Intercepted

Intercepted

© Christopher Nunn

VERDICT: Ukrainian director Oksana Karpovych's quietly powerful documentary combines bleakly beautiful, defiantly hopeful images of her war-ravaged homeland with recordings of intercepted phone calls made by invading Russian soldiers.

Urgent, newsworthy documentaries about Russia’s ongoing invasion of Ukraine have become film festival fixtures and awards season staples over the past two years, but Intercepted shows there is room for formal innovation and even hopeful, defiant beauty in this grim subject matter. Ukrainian director Oksana Karpovych’s second feature uses a simple but inspired format, pairing mostly static still-life shots of domestic life in her war-ravaged homeland with anonymous audio clips of intercepted phone signals from Russian soldiers calling back home, some complaining about grim conditions on the frontline, others carelessly sharing incriminating evidence of brutal war crimes. This Berlinale world premiere is a real-life horror movie on some level, but with the dark and violent events happening off screen, almost like a low-key stylistic cousin of Jonathan Glazer’s harrowing Auschwitz bio-drama The Zone of Interest (2023)

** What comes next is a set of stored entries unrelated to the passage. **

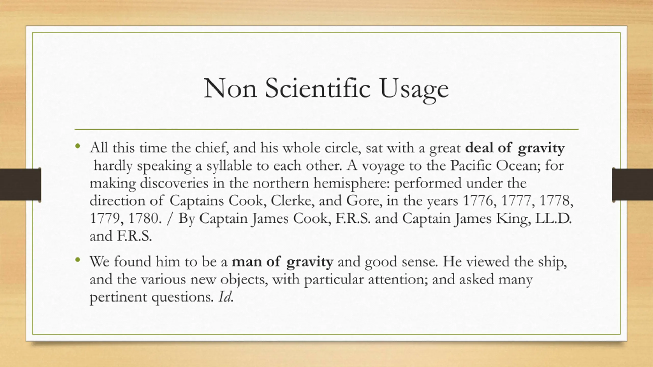 Non Scientific Usage All this time the chief, and his whole circle, sat with a great deal of gravity hardly speaking a syllable to each other. A voyage to the Pacific Ocean; for making discoveries in the northern hemisphere: performed under the direction of Captains Cook, Clerke, and Gore, in the years 1776, 1777, 1778, 1779, 1780. / By Captain James Cook, F.R.S. and Captain James King, LL.D. and F.R.S. We found him to be a man of gravity and good sense. He viewed the ship, and the various new objects, with particular attention; and asked many pertinent questions. Id.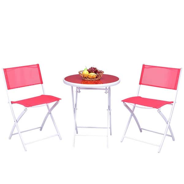 3-Piece Metal Folding Patio Conversation Set in Pink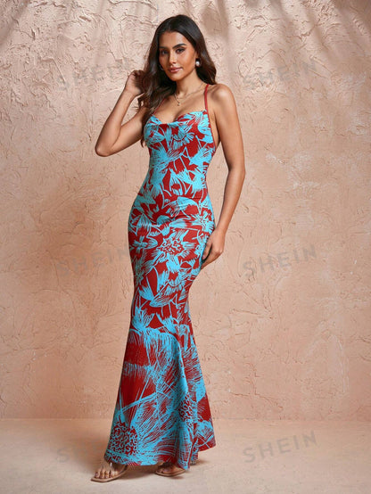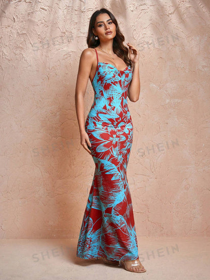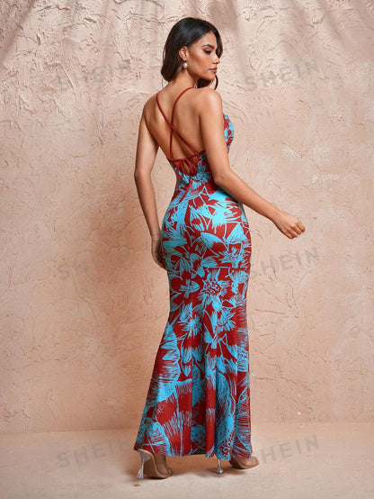 JIAN LASALA Designer Floral Print Cowl Maxi Dress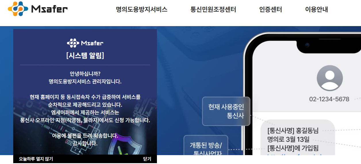 - Msafer 명의도용방지서비스 홈페이지 👉접속하기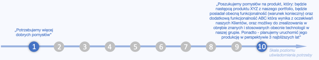 Potrzeba poszukiwania nowych pomysłów powinna być bardziej konkretna. Komunikat można sformułować na przykład tak: „Poszukujemy pomysłów na produkt, który: będzie następcą produktu XYZ z naszego portfolio, będzie posiadał obecną funkcjonalność (warunek konieczny) oraz dodatkową funkcjonalność ABC która wynika z oczekiwań naszych Klientów, oraz możliwy do zrealizowania w obrębie znanych i stosowanych obecnie technologii w naszej grupie. Ponadto – planujemy uruchomić jego produkcję w perspektywie 3 najbliższych lat”.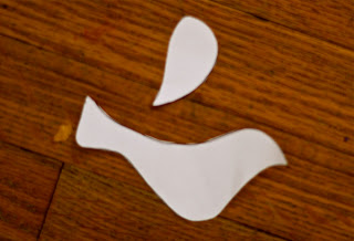 Cut out a bird tracer. It works great to make tracers out of old file folders. Here is a link to a pattern I used: bird pattern – this pattern is for sewing but I used as a tracer.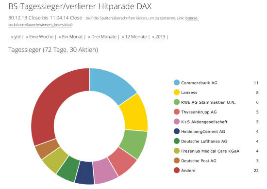 72 DAX-Handelstage 2014, Commerzbank war 11x die Nr. 1; Tabelle hier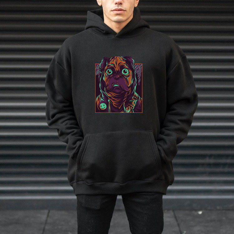 هودی مردانه پنبه ای پشت کرک طرحدار طرح سگ بولداگ دیجی تیشرت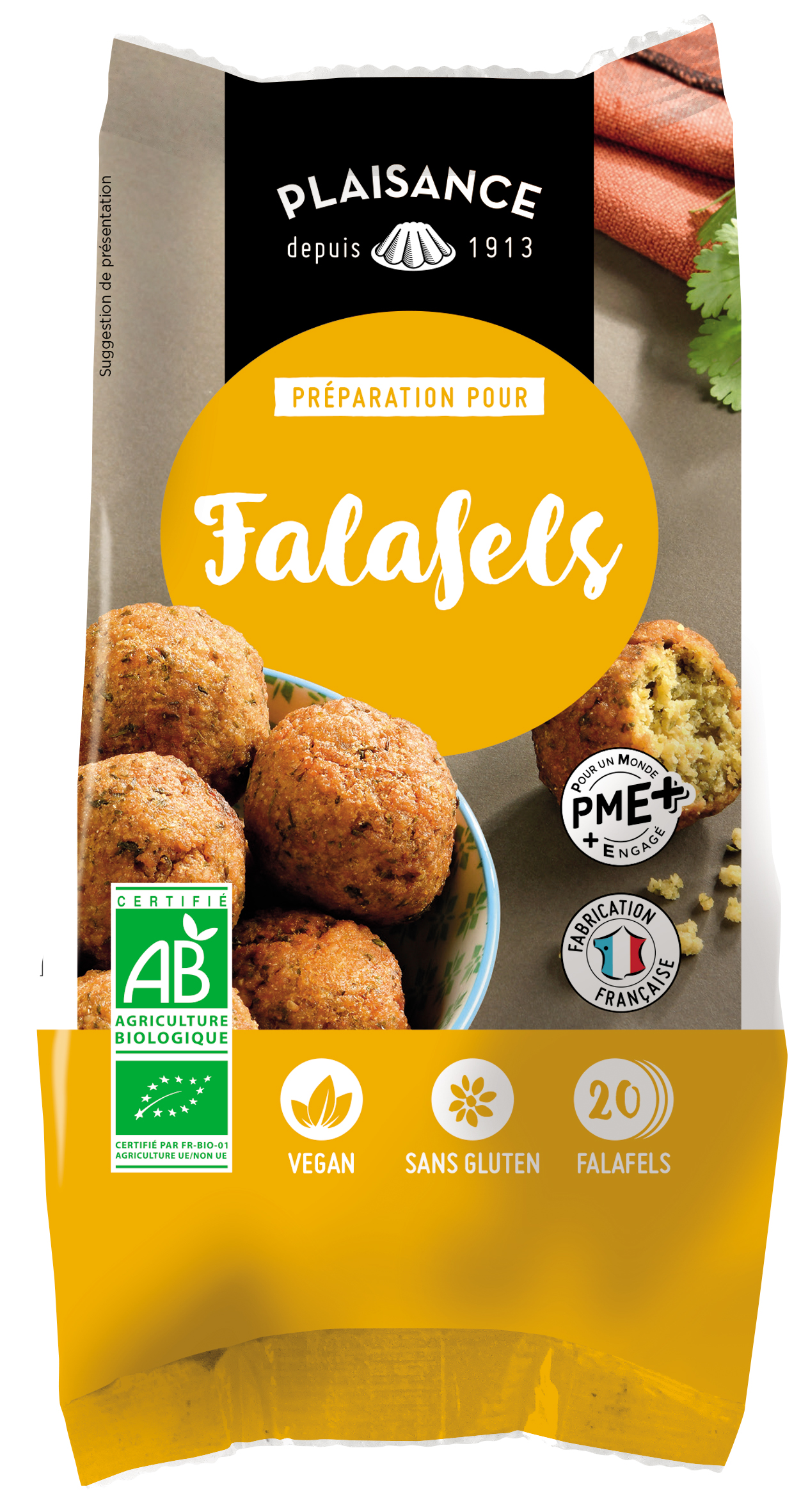 - Mix falafels sans gluten : couscous maïs-riz (farine de maïs, farine de riz blanche, eau), farine de pois chiches (30 %), brisure de pois chiches (5 %), cumin, oignon, coriandre, persil, sel de Guérande, ail, poivre noir.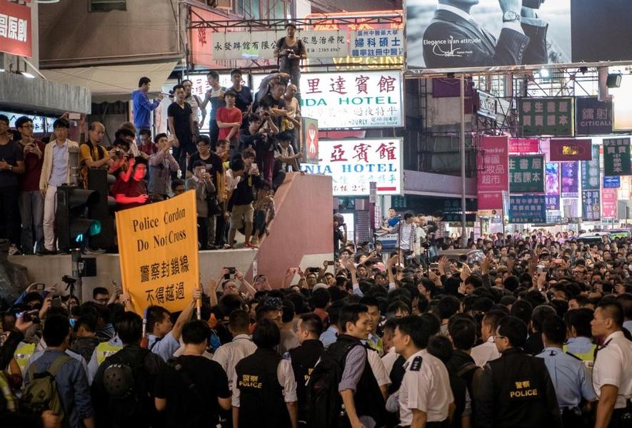 「學聯」及「學民思潮」在11月30日,將抗爭手段升級,號召數千名示威者,包圍政府總部,與警察在總部外爆發衝突。示威者約有4千多人;港警則約有3700名警力。抗爭者以自製盾牌向警方推進,警方則亂揮警棍回擊。不久港警施放胡椒噴霧、催淚水劑,甚至利用胡椒噴霧鐵罐,猛力攻擊示威者臉部,出現示威者被打到頭破流血的情況,整場抗爭出現大量傷者,約有40位民眾被逮捕。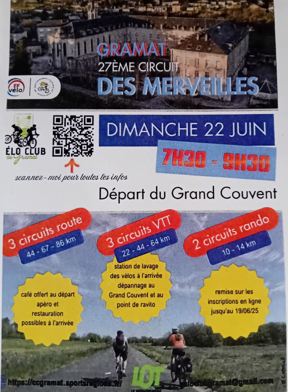 <p>Le Vélo Club de Gramat est heureux de vous accueillir pour le circuit des merveilles 2026.</p><p>Vous avez le choix entre 3 parcours de VTT, 3 parcours de vé…

Karpovych is based in Montreal, but returned to her native Ukraine just weeks before Putin’s invasion in February 2022, with plans to work on another project. Strong hints of the imminent conflict already hung heavy in the air, and the war became Karpovych’s main focus after Russian tanks crossed the border. She began assembling audio material that was freely available on the official YouTube channels of the Ukrainian security service, pairing these clips with coolly observed video vignettes of everyday life in war-ravaged Ukraine. Intercepted is by turns sickening, visually striking and strangely life-affirming in its depiction of an entire nation’s resilience against Putin’s bloodthirsty imperialist thuggery. Further festival bookings are likely after Berlin, while adventurous buyers should take an interest in a work that could just as easily screen in an art gallery as a cinema.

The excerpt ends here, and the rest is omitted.